Orban has been in power for over a decade. He has positioned himself as a right-wing populist.
He loves families, not banks. A man of the people, railing against those liberal elites and the media and the greedy bankers.
He’s bragged about building a quote “illiberal state” and widely seen as a well-aspiring dictator and a strong man.
It’s rhetoric that sounds all too familiar, but the thing is, Orban is not really a man of the people.
Hate to break it to you, over the last decade, he has consolidated power and, guess what?, wealth for himself and his allies throughout his rule.
Check this out: in July, a Hungarian member of the European Parliament tweeted these photos from a Hungarian news site saying, quote, “Victor Orban has been lying about the massive construction project claimed to be his father’s agribusiness with almost no assets on paper.”
He’s building a private mansion on a former estate. A feudal lord in the making.
Orban is not publicizing this estate, there’s very little publicly available about it.

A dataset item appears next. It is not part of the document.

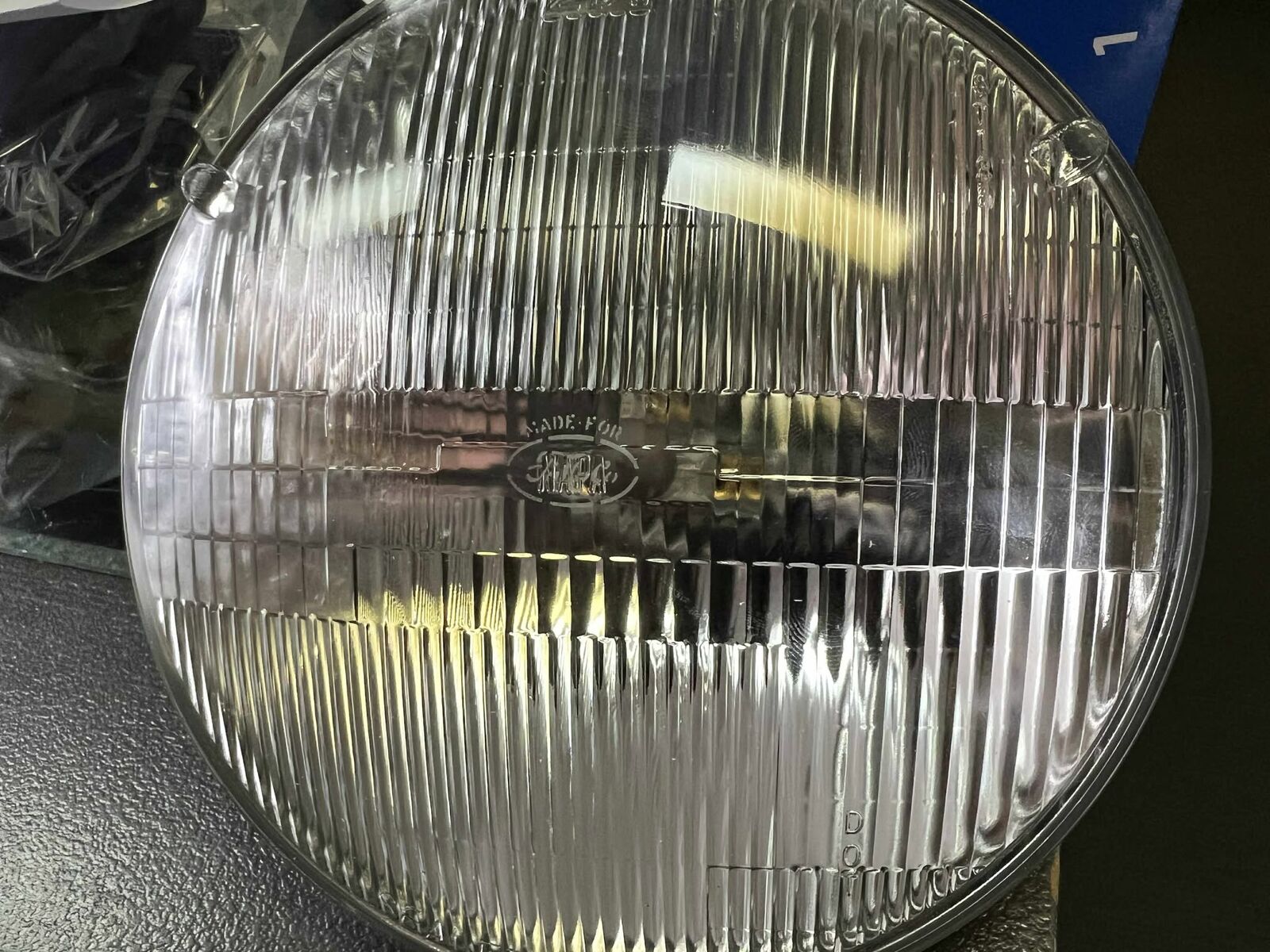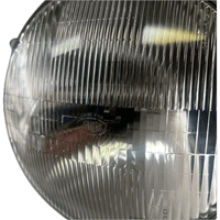 Officially licensed by Ford, Scott Drakes 7" Round Halogen Sealed Beam Headlamps feature nice Ford markings and upgraded performance. Over the years Ford offered two FoMoCo script versions: one sandblasted etched logo, and the other a prominent reverse raised FoMoCo logo about 7/8" wide. This is the etched version. Featuring a dual filament bulb with a 50-watt low beam and a 55-watt high beam. Sold individually
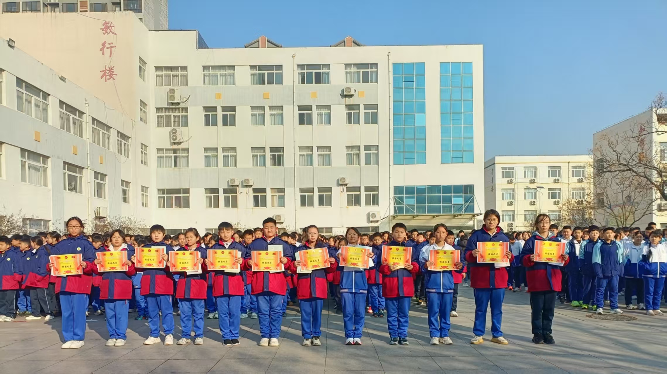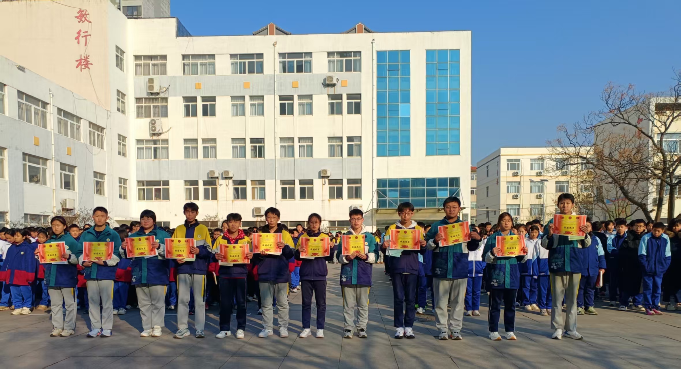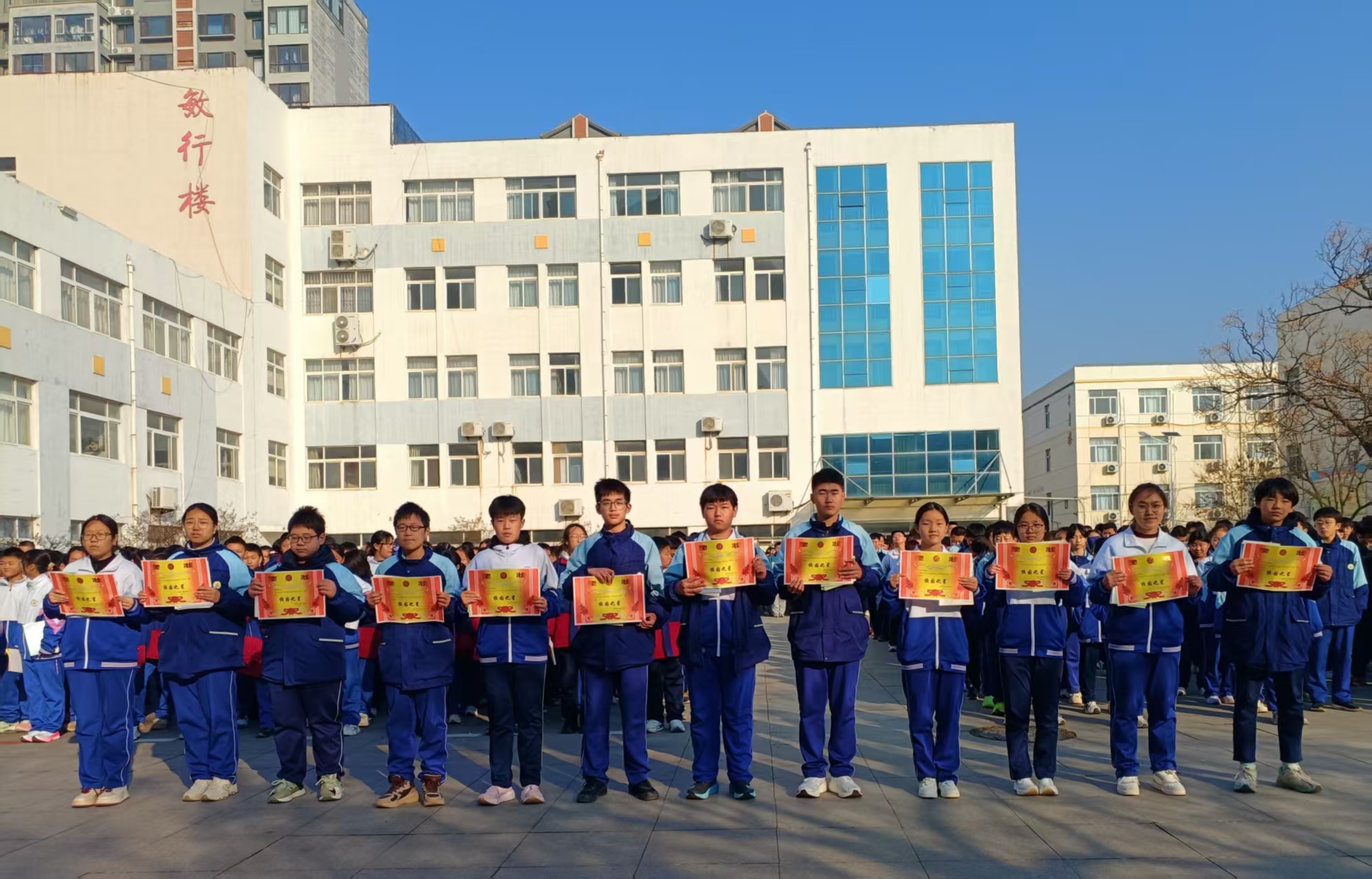 12月29日,滨州市惠民县孙武街道中学迎来了一次特别的升旗仪式。在第一缕晨光中,伴随着铿锵有力的国歌旋律,第四届“校园之星”颁奖仪式隆重举行。学校特别为36名获评“校园之星”的同学颁发荣誉,以此表彰先进典型,深化“五育融合”教育理念,助力学生核心素养的全面提升。

Another publication wrote late last year, quote, “Among other things, a huge underground garage and a 500-square-meter residential building is being built.”
Ah, yes. Victor Orban, the guy whose entire brand is about right-wing populism being for the working class families not banks, building a Versailles-style mansion.
But that’s a story as old as time, the populist who channels the will of the people against the evil elites also stuffing his own pockets.
One of the oldest grifts in the universe, the populist who uses populism as a cover for corruption.
Certainly something we are familiar with here in the U.S.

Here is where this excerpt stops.